**EXERCISE REQUIREMENTS**
Skip the pictures and write out, word for word, the lines below from the one with "Based on the" through the one with "Cappuccio Horror Con", inclusive.

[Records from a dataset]
______________________________

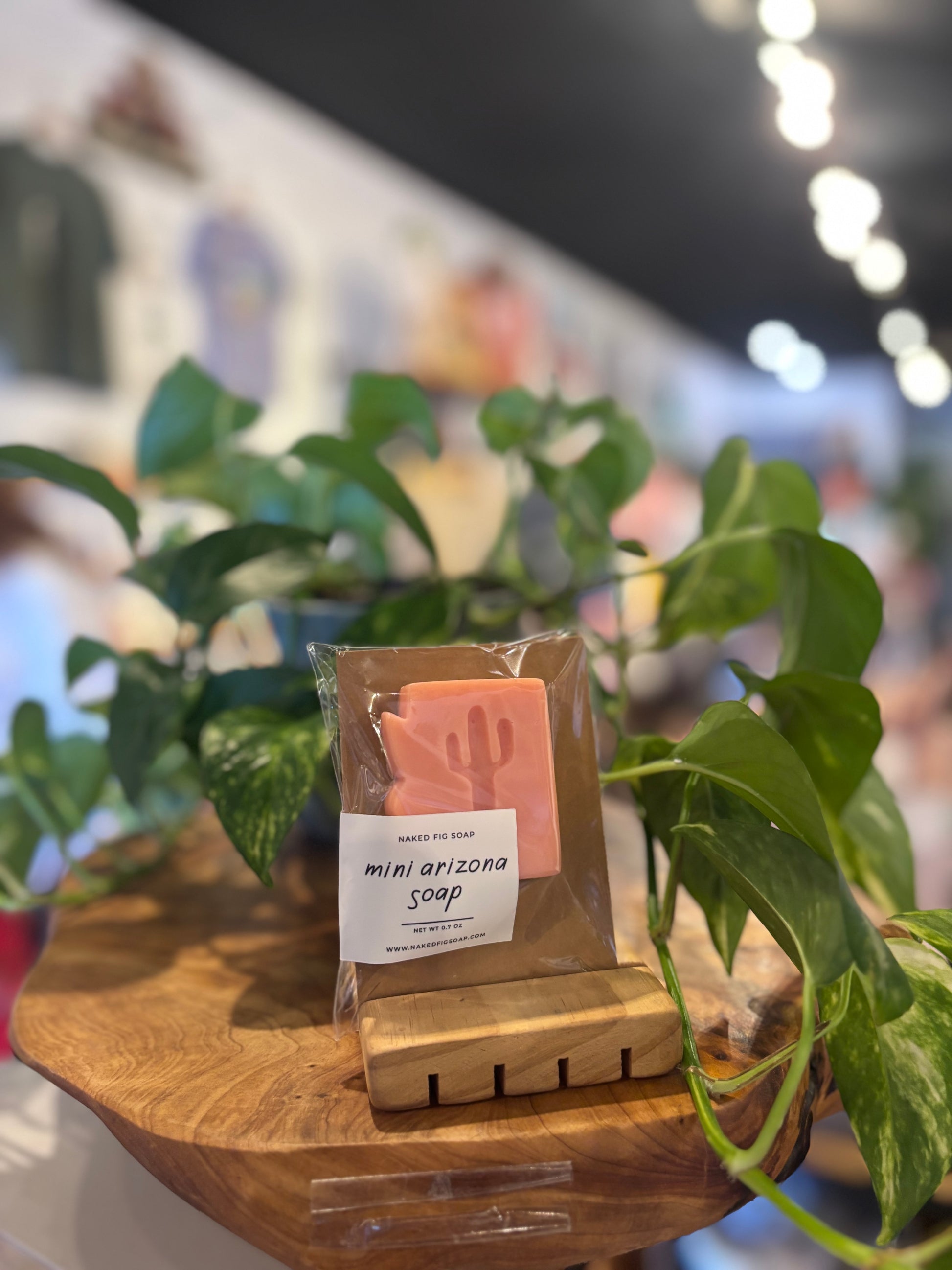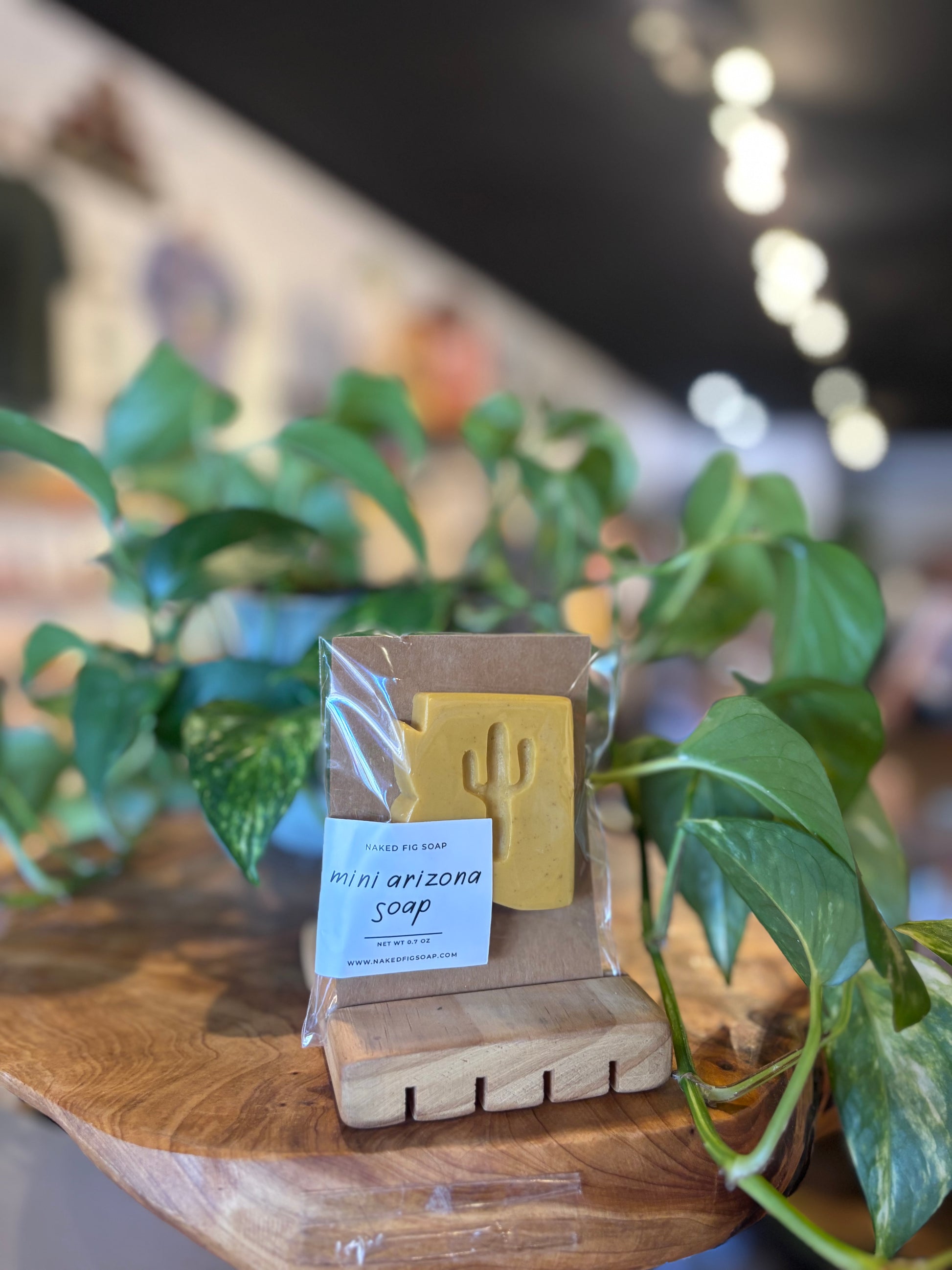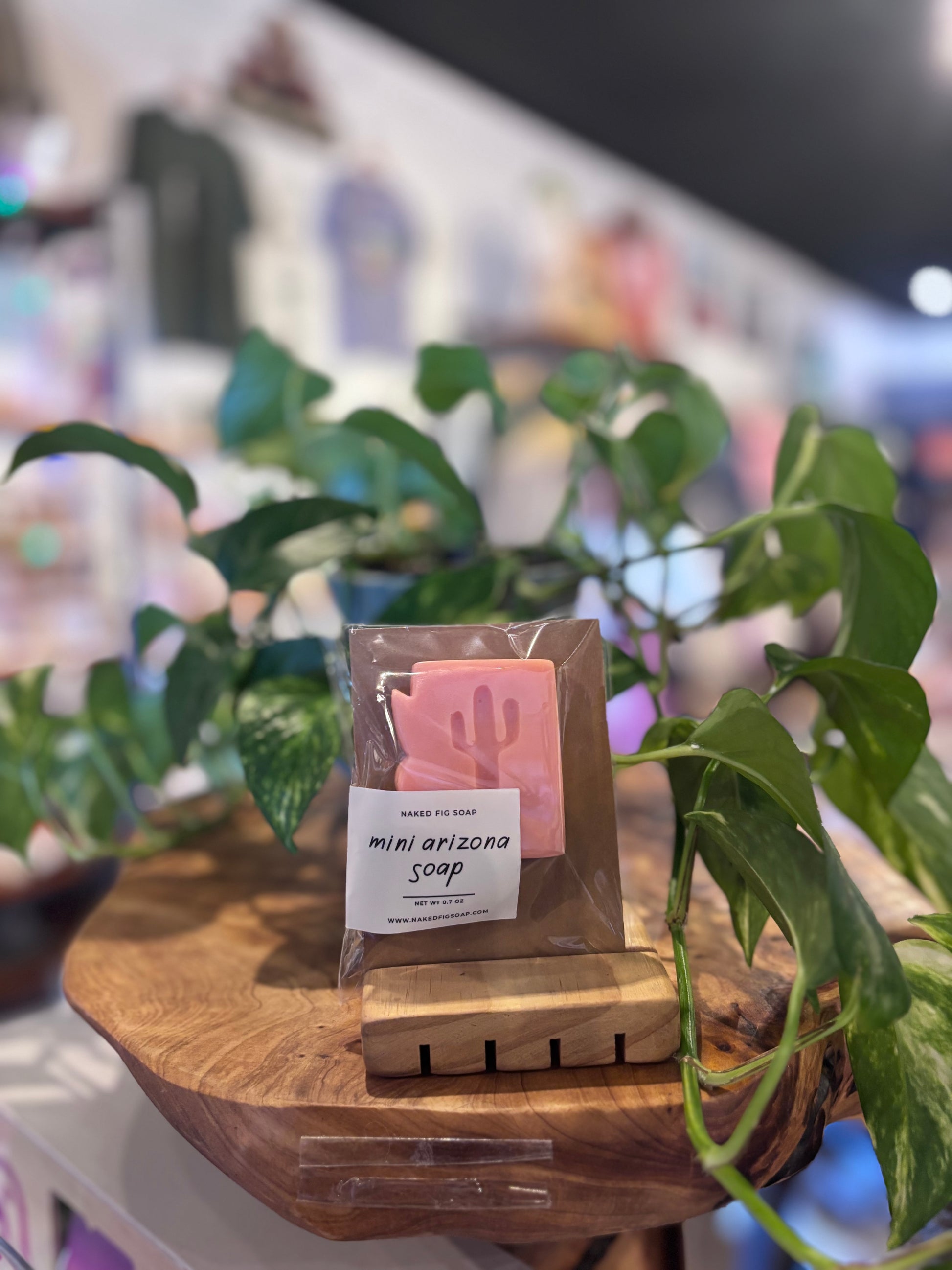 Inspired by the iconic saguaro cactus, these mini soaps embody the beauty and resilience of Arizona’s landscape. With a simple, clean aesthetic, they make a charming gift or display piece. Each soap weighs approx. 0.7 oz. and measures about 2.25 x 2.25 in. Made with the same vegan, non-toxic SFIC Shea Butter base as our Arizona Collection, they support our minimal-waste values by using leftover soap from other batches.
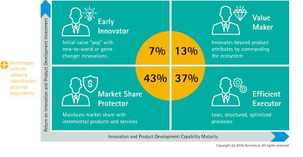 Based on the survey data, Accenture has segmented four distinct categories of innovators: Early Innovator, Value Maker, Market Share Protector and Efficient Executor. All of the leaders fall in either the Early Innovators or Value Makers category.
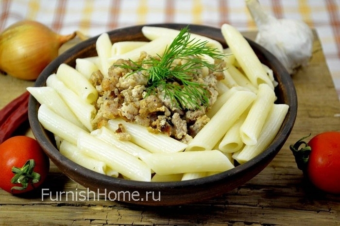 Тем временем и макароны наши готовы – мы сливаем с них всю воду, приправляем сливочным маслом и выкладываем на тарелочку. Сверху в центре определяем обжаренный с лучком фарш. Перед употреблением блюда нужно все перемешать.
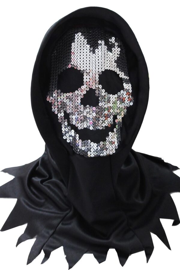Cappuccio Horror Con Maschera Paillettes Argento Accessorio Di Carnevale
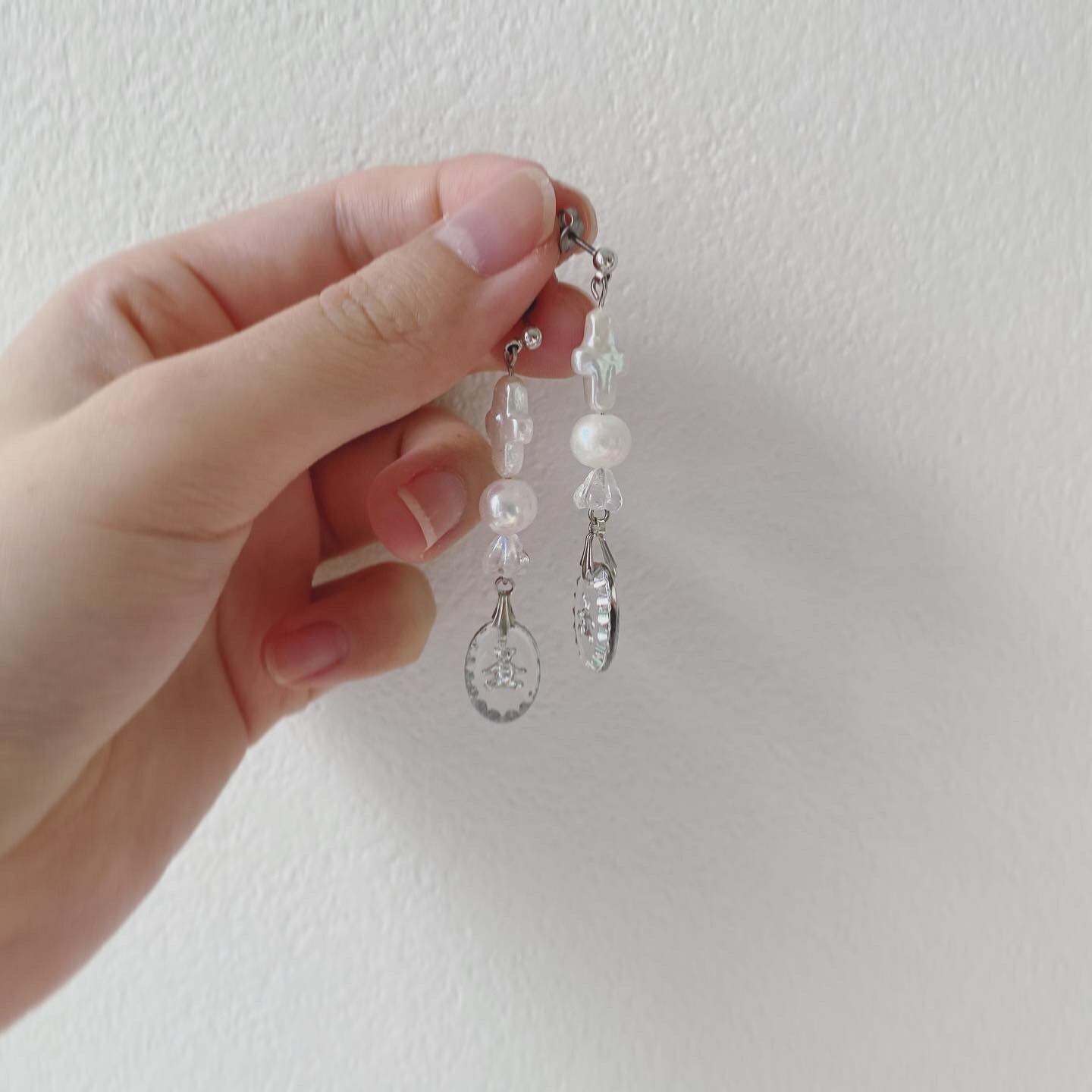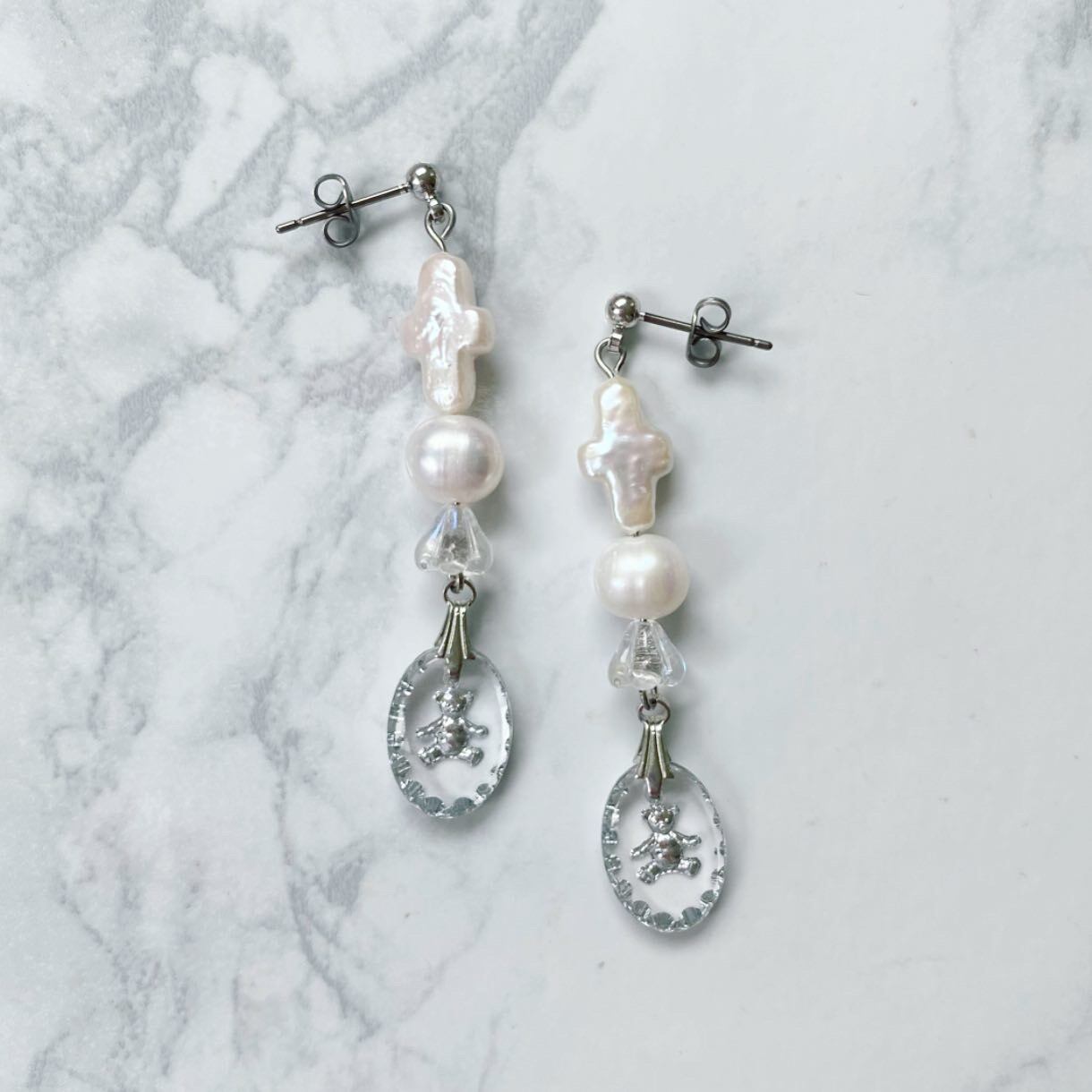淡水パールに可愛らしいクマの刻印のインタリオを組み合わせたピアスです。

______________________________

**ANSWER**
 Based on the survey data, Accenture has segmented four distinct categories of innovators: Early Innovator, Value Maker, Market Share Protector and Efficient Executor. All of the leaders fall in either the Early Innovators or Value Makers category.
 Тем временем и макароны наши готовы – мы сливаем с них всю воду, приправляем сливочным маслом и выкладываем на тарелочку. Сверху в центре определяем обжаренный с лучком фарш. Перед употреблением блюда нужно все перемешать.
Cappuccio Horror Con Maschera Paillettes Argento Accessorio Di Carnevale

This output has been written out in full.